In adulthood, the formation of the feeling of being worthy takes place on the basis of self-attitude, and accordingly, it is necessary to start working from this very position. Initially, you will have to objectively evaluate yourself, to get acquainted (perhaps this will require feedback from people around you who consider some of your shortcomings to be merits and vice versa). This stage is necessary for a clear definition of who you are, in order to distance yourself from imposing the opinions of others and switching this assessment to internal control, instead of a spontaneous external one. The courage of recognizing and accepting oneself along with shortcomings gives a powerful inner strength and vector of change. It is important that the intentions of the changes (if they are suddenly started after the revision of their qualities) are carried out in accordance with the internal guidelines, and not the convenience of other people. Counting their victories and good qualities, changes on the way to the better should be carried out visually (you can record, you can recruit ten achievements and arrange yourself for this holiday or self-indulgence) - such events increase self-esteem.
You have to struggle with the desire to compare yourself with others, it is permissible to compare yourself with yourself (at the beginning of the journey or with where you are going). To make it easier, for the first time, you can turn off the news feed in the social network with profiles dazzling photos of success, and you can consider each catching comparison as an experience of self-knowledge. You can analyze your mental victories over someone in terms of what this victory gives to an inner feeling, how to apply it. You can also work with comparisons in the negative direction, making your desires and needs envy, and possibly images of compliance imposed by someone.
Listen to your desires and try to fulfill them, the constant postponement of your joys for others greatly inhibits the emergence of self-esteem, because every time, for important reasons, someone else deserves more happiness than you do. Do you now want to drink sea buckthorn tea in silence - buy sea buckthorn, brew tea, close the door to the room with a sign banning entry. And the world will not collapse, even if you have a small child, the deadline for the delivery of the project or girlfriend hysterical in the kitchen.

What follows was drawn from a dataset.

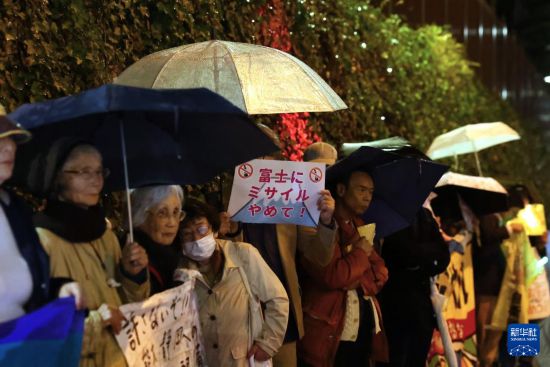 在东京的日本防卫省门前,大量抗议者冒雨高喊“必须停止部署远程导弹!”“给民众一个合理解释!”“反对进行战争准备!”等口号。

Many since childhood have been taught modesty, the devaluation of compliments and the concealment of what is available (at least material, even trips, even achievements). Such behavioral strategies make you value yourself less and shrink in size, trying to be worse, talking about success only to those closest to you. But own dignity implies accepting praise sincerely and joyfully, telling us about your achievements, without devaluing. Your attitude and value for the society depends on your self-repription. If you want a good relationship, feel worthy of it, speak well of yourself. And you can start from the opposite and with stories about your positive qualities to form a worthy attitude, which will automatically tighten your inner self-esteem.

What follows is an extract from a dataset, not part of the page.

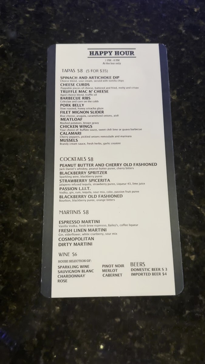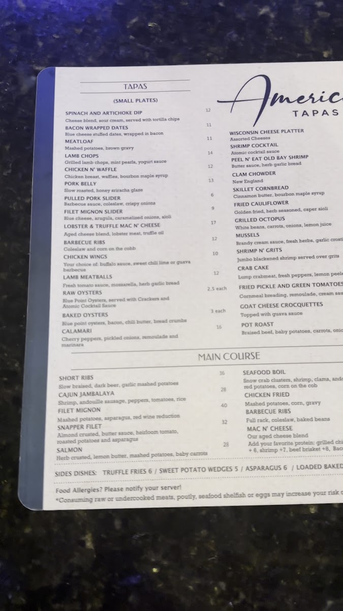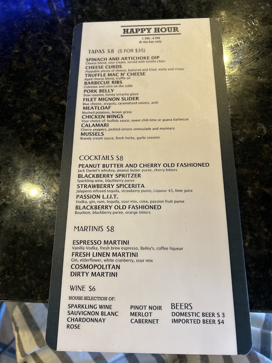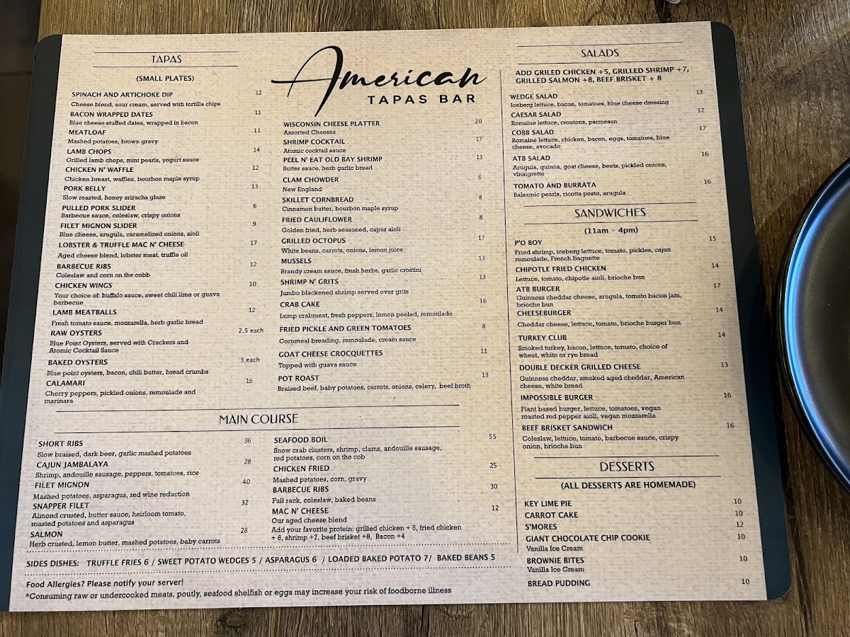 The American Tapas Bar Menu offers a unique twist on traditional tapas, blending bold flavors with fresh ingredients to create an unforgettable dining experience. Located at 2724 E Commercial Blvd, Fort Lauderdale, FL, this cozy spot invites guests to indulge in a variety of small plates that are perfect for sharing. From savory bites like crispy calamari and zesty shrimp cocktails to sweet treats like churros with chocolate dipping sauce, there's something for every palate. The menu focuses on comfort food with a creative flair, offering options for both meat lovers and vegetarians alike. Whether you’re here for a casual bite or a night out with friends, the American Tapas Bar provides a laid-back atmosphere that encourages a fun and social dining experience.

In the meantime, this feeling cannot yet resist violators from outside, then limit the circle of people and communication spheres, where violations of human rights, freedoms and virtues are possible, where caustic and devaluing remarks occur, where your boundaries are violated, loading beyond measure, in order to release time. It is not enough to cultivate such an attitude in oneself; one must get rid of the factors contributing to the destruction of such an adequate self-perception.